The denial further subjected Lawson to the clerk-magistrate’s finding for Macolini as prima facie evidence in the subsequent jury trial, without giving Lawson an opportunity to test the legal sufficiency of that finding on appeal. This was error. As *333the court stated in Daum v. Delta Airlines, Inc., 396 Mass. 1013, 1014 (1986), “[Because a] defendant must be given the opportunity to test the sufficiency of the evidence in support of a District Court finding if it is to be given prima facie effect at a subsequent jury trial,” motions to transfer to the regular civil . docket of the District Court should “rarely, if ever,” be denied.5 On these facts, “[ujnder G. L. c. 218, § 24, and Rule 4 of the Uniform Small Claims Rules (1983), as interpreted in Daum[, supra], the defendant was entitled to allowance of his motion to transfer this small claims case to the regular District Court docket.” Gozzo v. Anglin, 31 Mass. App. Ct. 936, 936 (1991).

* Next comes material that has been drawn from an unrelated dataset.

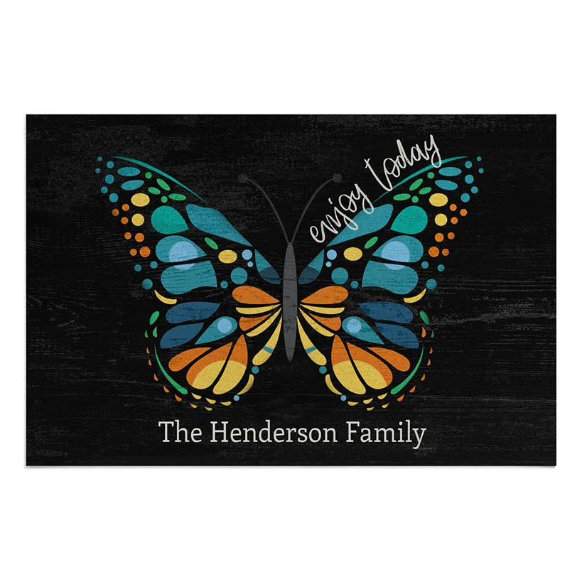Vibrant non-slip Personalized Butterfly Doormat will make your entryway stand out. Durable enough for indoor and outdoor use, it makes a wonderful housewarming gift. Personalize it with up to 24 upper- and lowercase letters. If you want the words "The" and "Family" in the design, please include them in your personalization.

In addition, no findings accompanied either the denial of the motion itself or the motion to reconsider. “In view of that strict standard for denial of a request for transfer to the regular docket, the judge should indicate why it is that the case falls into the exceptional category of those as to which removal may be denied.” Id. This case is unlike Lyons v. Kinney System, Inc., 27 Mass. App. Ct. 386 (1989), in which we held, at 389, that it was within a judge’s discretion to deny a motion to transfer “when the motion seeks transfer to accomplish a purpose that can be wholly satisfied in the small claims session.” Here the denial resulted in a reduction of Lawson’s counterclaim by $8,000.

We are mindful that Lawson had an opportunity to present his evidence on two occasions, first to a clerk-magistrate and then to a jury of six. We are also mindful that, in fact, the jury chose to disregard the clerk-magistrate’s decision on the issue of damages,, finding for Macolini in an amount more than twice that of the clerk-magistrate. We cannot speculate, however, about what effect the clerk-magistrate’s decision on the issue of liability, and Lawson’s seeming willingness to accept a limited recovery, might have had on the jury’s perception of his evidence.

Judgment reversed.

In a small claims case, a defendant may, but need not, file a written answer. Rule 3(b) of the Uniform Small Claims Rules (1983).

The trial judge instructed the jury, both before and after the evidence, that “you are bound by [the] clerk’s decision and you must find the same way unless, after this trial you find that there is believable evidence introduced to the contrary. If you find there’s believable evidence to the contrary, then you may go on and make a decision independent of the magistrate, but you may consider the magistrate’s decision in making your own.” This language comports essentially with the District Court model jury instructions. See Model Jury Instructions for Use in the District Court (1997).

General Laws c. 221, § 62C(b), as inserted by St. 1978, c. 478, § 250, provides that “[a] magistrate . . . may: ...(b) hear and rule on any uncontested non-evidentiary motion as may be allowed by rule of court.”

That defendants in small claims actions who become plaintiffs in counterclaim are limited to recovery of $2,000 is supported by Uniform Small Claims Rule 3(c) (1983), which provides that “the defendant may set forth any claim which he has against the plaintiff within the jurisdiction of the court in small claims cases.” The statutory limit of $2,000 is jurisdictional. See G. L. c. 218, § 21. In this case the trial judge followed the Model Jury Instructions for Use in the District Court (1997), specifically telling the jury that if they were to find in favor of the defendant in his counterclaim, damages would be limited to $2,000. We see no error in this instruction or in the Model Jury Instructions’ advice on this issue.

Contrast Small Claims Standard 5:01 (1984): “Transfers of small claims to the civil docket should be done sparingly.” This standard should now be read in light of the decisions in Daum v. Delta Airlines, Inc., supra, and Gozzo v. Anglin, 31 Mass. App. Ct. 936 (1991).